▸ Activity:
Every line of the data needs to be returned exactly.
Stored data below:
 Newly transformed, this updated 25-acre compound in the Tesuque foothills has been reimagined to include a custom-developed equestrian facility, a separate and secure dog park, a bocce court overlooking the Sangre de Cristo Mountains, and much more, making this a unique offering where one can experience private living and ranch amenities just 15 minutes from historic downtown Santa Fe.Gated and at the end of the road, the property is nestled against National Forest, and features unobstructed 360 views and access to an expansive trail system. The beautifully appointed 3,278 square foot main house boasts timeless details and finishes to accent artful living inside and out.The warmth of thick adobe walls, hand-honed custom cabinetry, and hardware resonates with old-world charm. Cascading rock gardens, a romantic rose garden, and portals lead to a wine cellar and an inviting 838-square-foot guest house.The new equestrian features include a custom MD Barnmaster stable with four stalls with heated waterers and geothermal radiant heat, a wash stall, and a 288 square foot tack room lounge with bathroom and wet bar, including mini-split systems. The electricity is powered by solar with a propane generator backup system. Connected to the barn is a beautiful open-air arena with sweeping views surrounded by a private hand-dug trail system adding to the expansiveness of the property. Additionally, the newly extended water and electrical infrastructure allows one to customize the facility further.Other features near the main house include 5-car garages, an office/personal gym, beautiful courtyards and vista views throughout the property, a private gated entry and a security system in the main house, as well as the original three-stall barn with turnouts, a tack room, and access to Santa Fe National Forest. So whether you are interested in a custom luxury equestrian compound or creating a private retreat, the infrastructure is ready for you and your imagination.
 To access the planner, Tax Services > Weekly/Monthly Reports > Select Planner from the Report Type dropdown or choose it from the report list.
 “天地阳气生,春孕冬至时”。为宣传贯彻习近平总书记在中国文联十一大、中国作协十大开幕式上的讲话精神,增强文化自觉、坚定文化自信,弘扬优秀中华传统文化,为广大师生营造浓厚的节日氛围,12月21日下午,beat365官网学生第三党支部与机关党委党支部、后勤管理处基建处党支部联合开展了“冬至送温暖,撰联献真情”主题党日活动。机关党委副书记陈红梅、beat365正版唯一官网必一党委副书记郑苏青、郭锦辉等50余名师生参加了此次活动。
End of Stored data.
▸ Answer for the task:
 Newly transformed, this updated 25-acre compound in the Tesuque foothills has been reimagined to include a custom-developed equestrian facility, a separate and secure dog park, a bocce court overlooking the Sangre de Cristo Mountains, and much more, making this a unique offering where one can experience private living and ranch amenities just 15 minutes from historic downtown Santa Fe.Gated and at the end of the road, the property is nestled against National Forest, and features unobstructed 360 views and access to an expansive trail system. The beautifully appointed 3,278 square foot main house boasts timeless details and finishes to accent artful living inside and out.The warmth of thick adobe walls, hand-honed custom cabinetry, and hardware resonates with old-world charm. Cascading rock gardens, a romantic rose garden, and portals lead to a wine cellar and an inviting 838-square-foot guest house.The new equestrian features include a custom MD Barnmaster stable with four stalls with heated waterers and geothermal radiant heat, a wash stall, and a 288 square foot tack room lounge with bathroom and wet bar, including mini-split systems. The electricity is powered by solar with a propane generator backup system. Connected to the barn is a beautiful open-air arena with sweeping views surrounded by a private hand-dug trail system adding to the expansiveness of the property. Additionally, the newly extended water and electrical infrastructure allows one to customize the facility further.Other features near the main house include 5-car garages, an office/personal gym, beautiful courtyards and vista views throughout the property, a private gated entry and a security system in the main house, as well as the original three-stall barn with turnouts, a tack room, and access to Santa Fe National Forest. So whether you are interested in a custom luxury equestrian compound or creating a private retreat, the infrastructure is ready for you and your imagination.
 To access the planner, Tax Services > Weekly/Monthly Reports > Select Planner from the Report Type dropdown or choose it from the report list.
 “天地阳气生,春孕冬至时”。为宣传贯彻习近平总书记在中国文联十一大、中国作协十大开幕式上的讲话精神,增强文化自觉、坚定文化自信,弘扬优秀中华传统文化,为广大师生营造浓厚的节日氛围,12月21日下午,beat365官网学生第三党支部与机关党委党支部、后勤管理处基建处党支部联合开展了“冬至送温暖,撰联献真情”主题党日活动。机关党委副书记陈红梅、beat365正版唯一官网必一党委副书记郑苏青、郭锦辉等50余名师生参加了此次活动。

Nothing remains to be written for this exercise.